» About this exercise
Word for word, transcribe the listing that follows, minus any pictures.

» Records for this task
Content starts

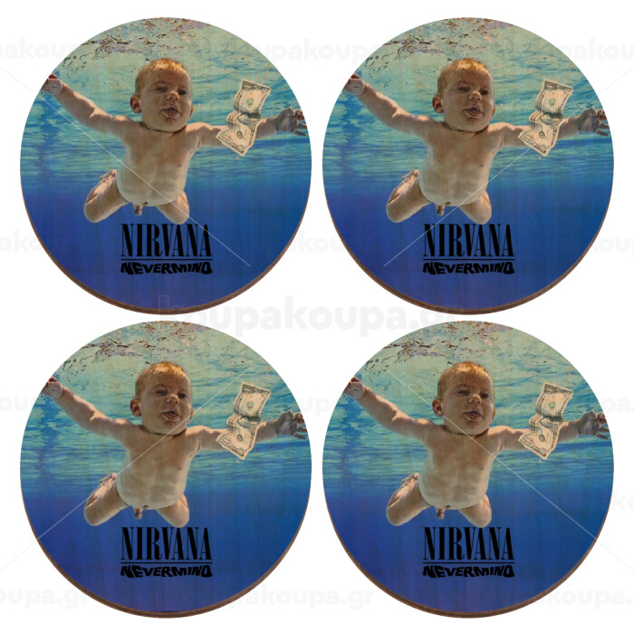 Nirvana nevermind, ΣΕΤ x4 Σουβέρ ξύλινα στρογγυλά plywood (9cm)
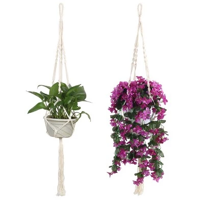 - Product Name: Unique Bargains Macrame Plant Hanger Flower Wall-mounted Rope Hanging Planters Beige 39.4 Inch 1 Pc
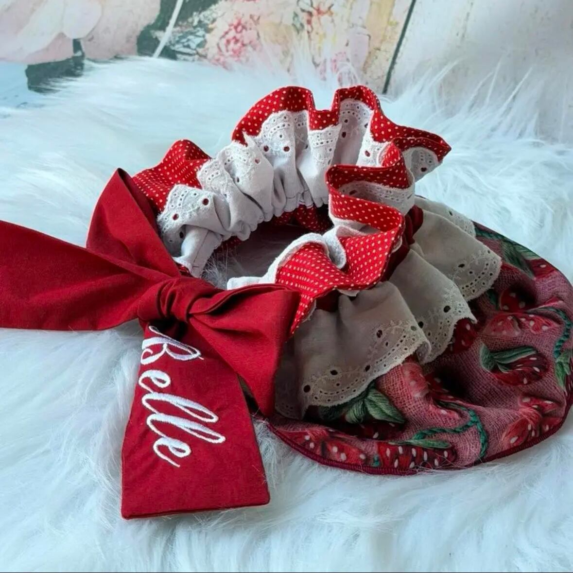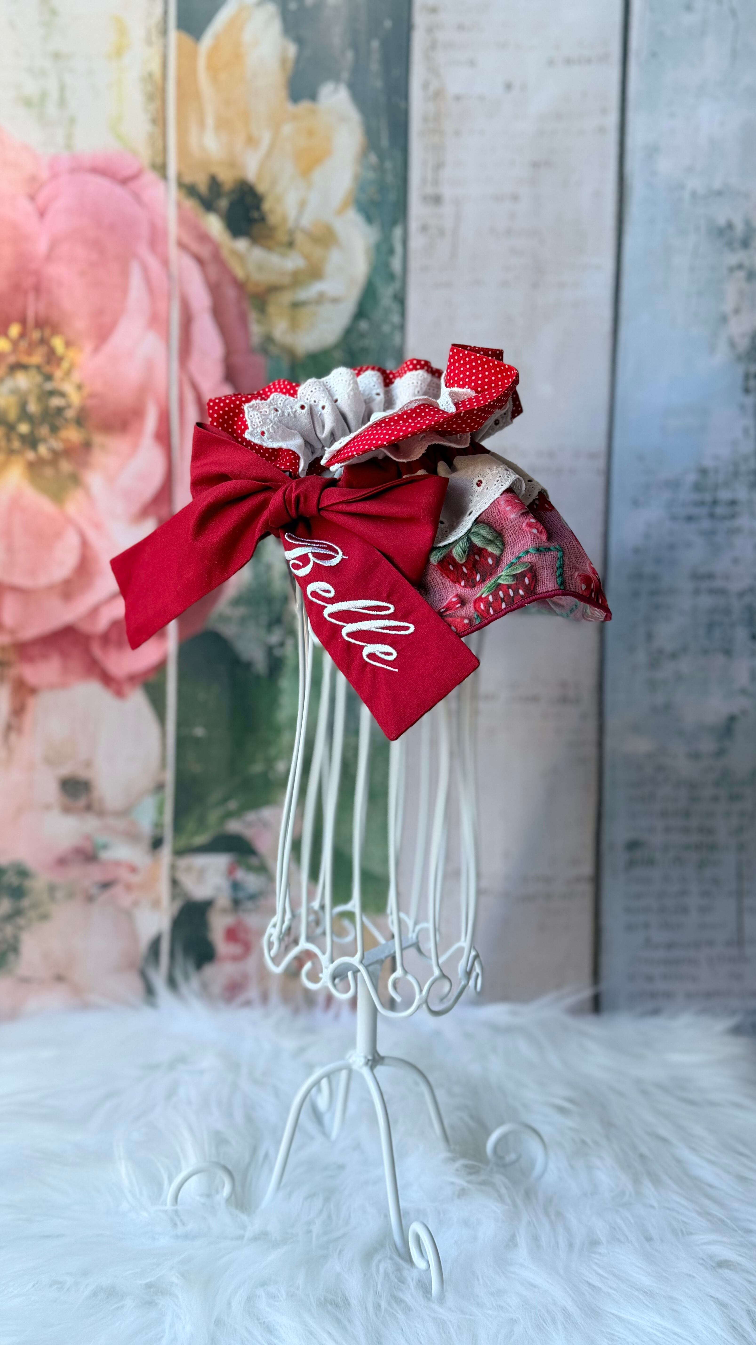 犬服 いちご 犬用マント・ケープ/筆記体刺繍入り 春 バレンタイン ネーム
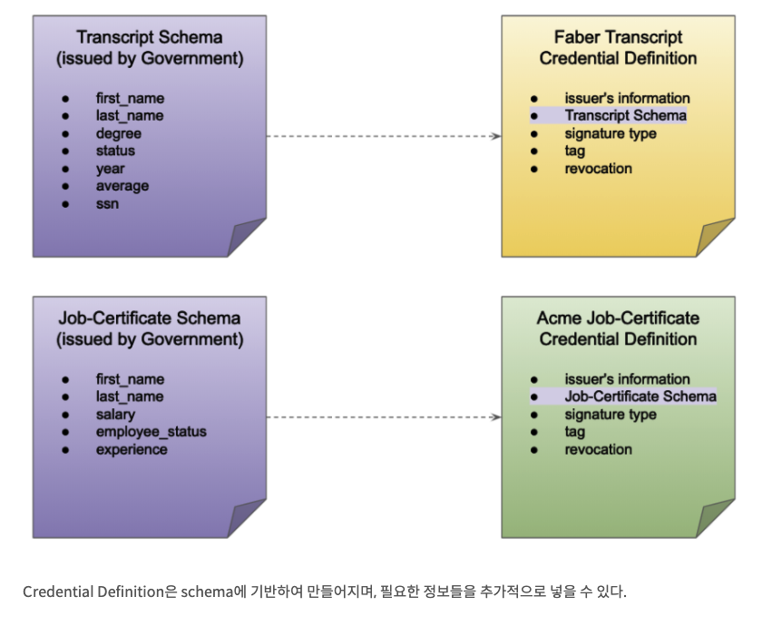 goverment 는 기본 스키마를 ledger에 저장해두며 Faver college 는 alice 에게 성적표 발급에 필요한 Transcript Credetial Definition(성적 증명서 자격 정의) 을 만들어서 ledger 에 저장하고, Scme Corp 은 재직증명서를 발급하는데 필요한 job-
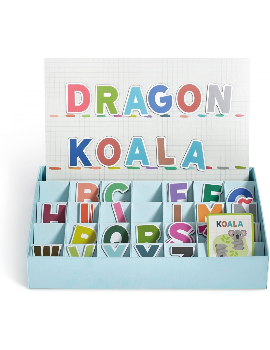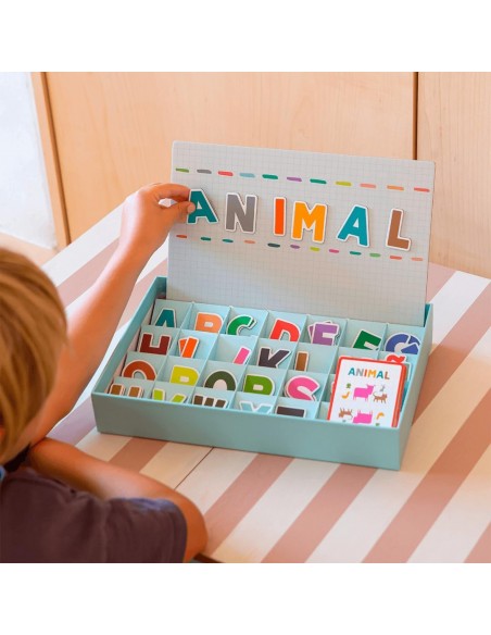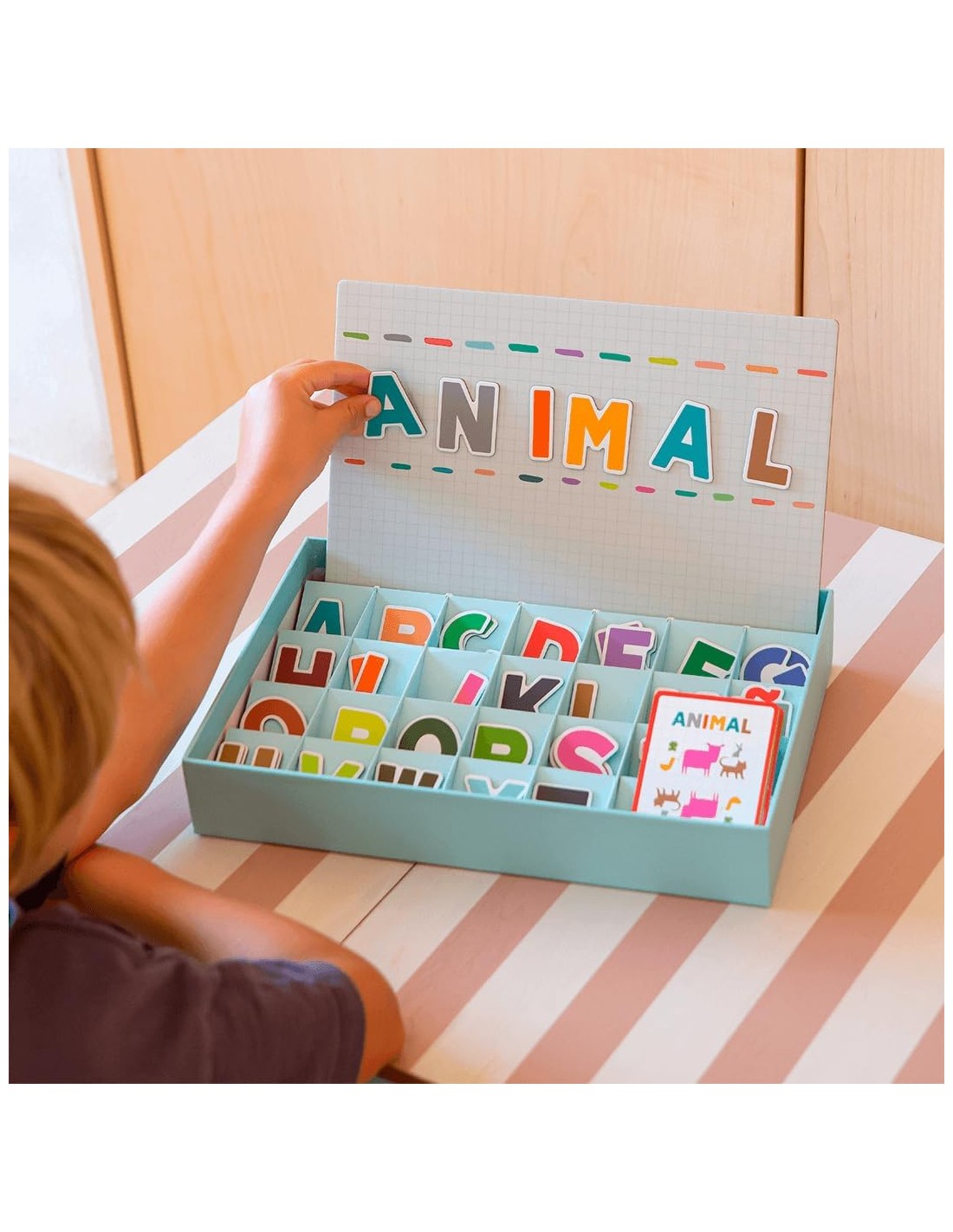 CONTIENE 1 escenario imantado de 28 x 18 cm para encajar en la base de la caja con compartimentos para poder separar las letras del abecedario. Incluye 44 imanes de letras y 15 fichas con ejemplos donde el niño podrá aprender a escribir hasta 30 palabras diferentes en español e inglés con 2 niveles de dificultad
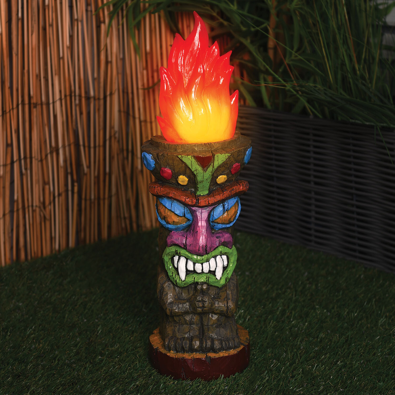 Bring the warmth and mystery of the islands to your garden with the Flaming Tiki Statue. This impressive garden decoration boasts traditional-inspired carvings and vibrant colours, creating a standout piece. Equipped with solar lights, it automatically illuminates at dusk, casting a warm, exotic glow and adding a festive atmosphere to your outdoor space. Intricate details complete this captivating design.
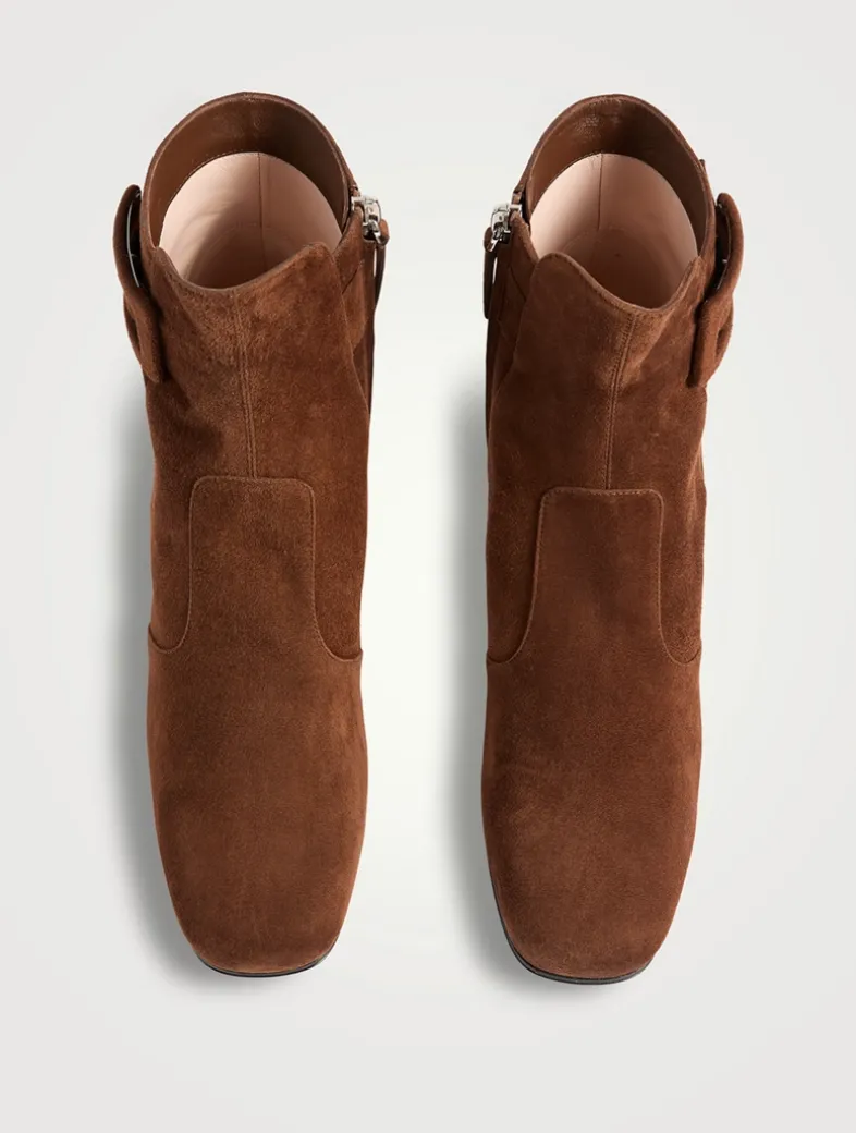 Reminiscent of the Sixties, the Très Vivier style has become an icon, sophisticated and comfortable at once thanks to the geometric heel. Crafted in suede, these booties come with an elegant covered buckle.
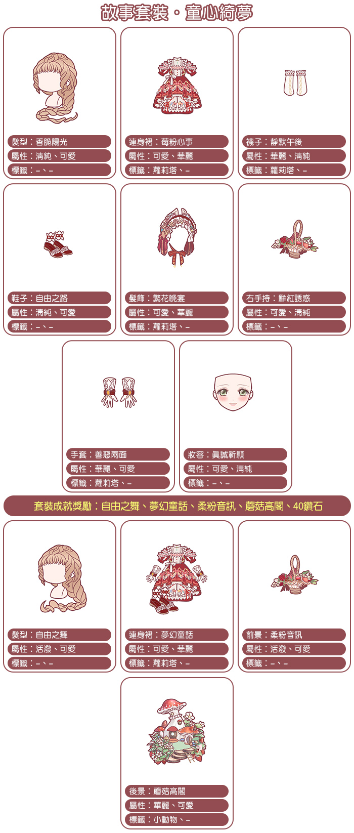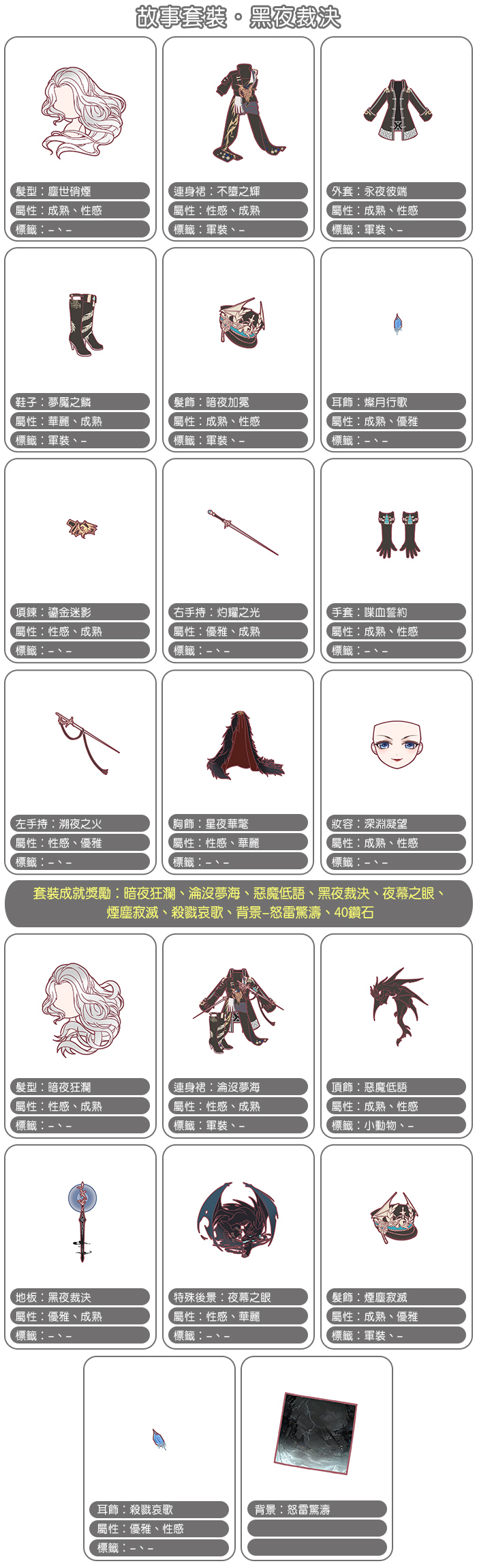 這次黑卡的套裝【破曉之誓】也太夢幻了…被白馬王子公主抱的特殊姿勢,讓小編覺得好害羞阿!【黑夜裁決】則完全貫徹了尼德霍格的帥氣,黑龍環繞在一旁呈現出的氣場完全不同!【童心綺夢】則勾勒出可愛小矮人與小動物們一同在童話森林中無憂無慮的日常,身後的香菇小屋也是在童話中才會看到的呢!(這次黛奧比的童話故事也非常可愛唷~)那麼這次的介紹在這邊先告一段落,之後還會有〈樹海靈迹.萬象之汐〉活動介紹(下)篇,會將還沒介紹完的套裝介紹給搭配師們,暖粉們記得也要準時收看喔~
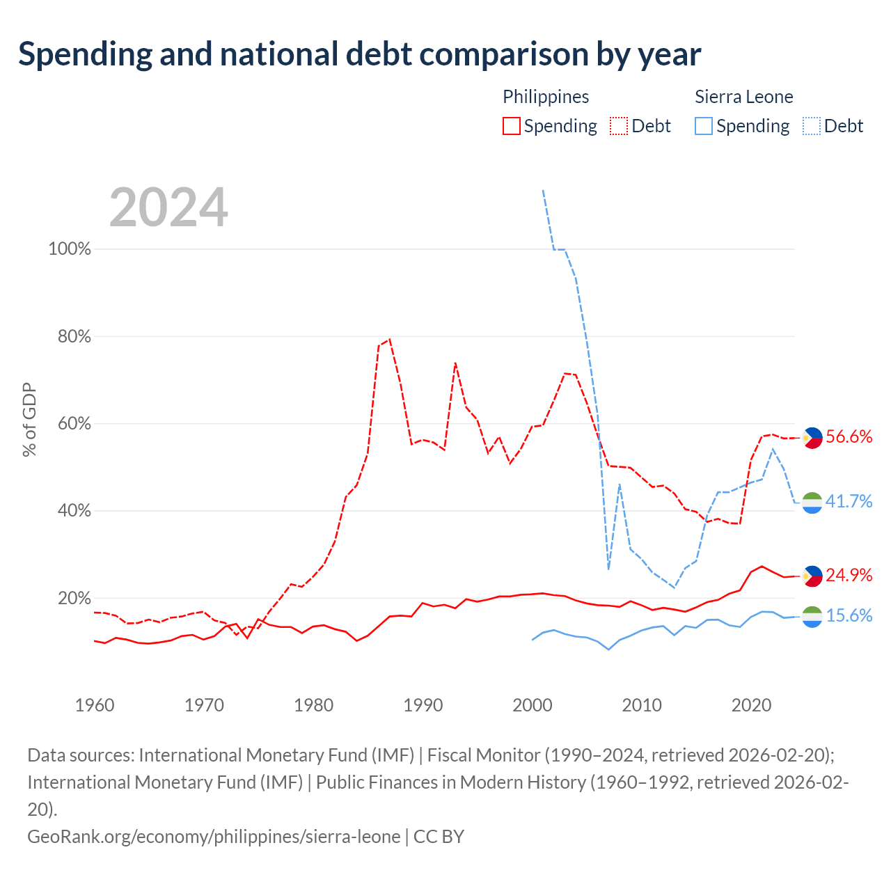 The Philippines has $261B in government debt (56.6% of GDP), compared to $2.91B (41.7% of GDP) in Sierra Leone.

Content ends

» Written solution
 Nirvana nevermind, ΣΕΤ x4 Σουβέρ ξύλινα στρογγυλά plywood (9cm)
 - Product Name: Unique Bargains Macrame Plant Hanger Flower Wall-mounted Rope Hanging Planters Beige 39.4 Inch 1 Pc
 犬服 いちご 犬用マント・ケープ/筆記体刺繍入り 春 バレンタイン ネーム
 goverment 는 기본 스키마를 ledger에 저장해두며 Faver college 는 alice 에게 성적표 발급에 필요한 Transcript Credetial Definition(성적 증명서 자격 정의) 을 만들어서 ledger 에 저장하고, Scme Corp 은 재직증명서를 발급하는데 필요한 job-
 CONTIENE 1 escenario imantado de 28 x 18 cm para encajar en la base de la caja con compartimentos para poder separar las letras del abecedario. Incluye 44 imanes de letras y 15 fichas con ejemplos donde el niño podrá aprender a escribir hasta 30 palabras diferentes en español e inglés con 2 niveles de dificultad
 Bring the warmth and mystery of the islands to your garden with the Flaming Tiki Statue. This impressive garden decoration boasts traditional-inspired carvings and vibrant colours, creating a standout piece. Equipped with solar lights, it automatically illuminates at dusk, casting a warm, exotic glow and adding a festive atmosphere to your outdoor space. Intricate details complete this captivating design.
 Reminiscent of the Sixties, the Très Vivier style has become an icon, sophisticated and comfortable at once thanks to the geometric heel. Crafted in suede, these booties come with an elegant covered buckle.
 這次黑卡的套裝【破曉之誓】也太夢幻了…被白馬王子公主抱的特殊姿勢,讓小編覺得好害羞阿!【黑夜裁決】則完全貫徹了尼德霍格的帥氣,黑龍環繞在一旁呈現出的氣場完全不同!【童心綺夢】則勾勒出可愛小矮人與小動物們一同在童話森林中無憂無慮的日常,身後的香菇小屋也是在童話中才會看到的呢!(這次黛奧比的童話故事也非常可愛唷~)那麼這次的介紹在這邊先告一段落,之後還會有〈樹海靈迹.萬象之汐〉活動介紹(下)篇,會將還沒介紹完的套裝介紹給搭配師們,暖粉們記得也要準時收看喔~
 The Philippines has $261B in government debt (56.6% of GDP), compared to $2.91B (41.7% of GDP) in Sierra Leone.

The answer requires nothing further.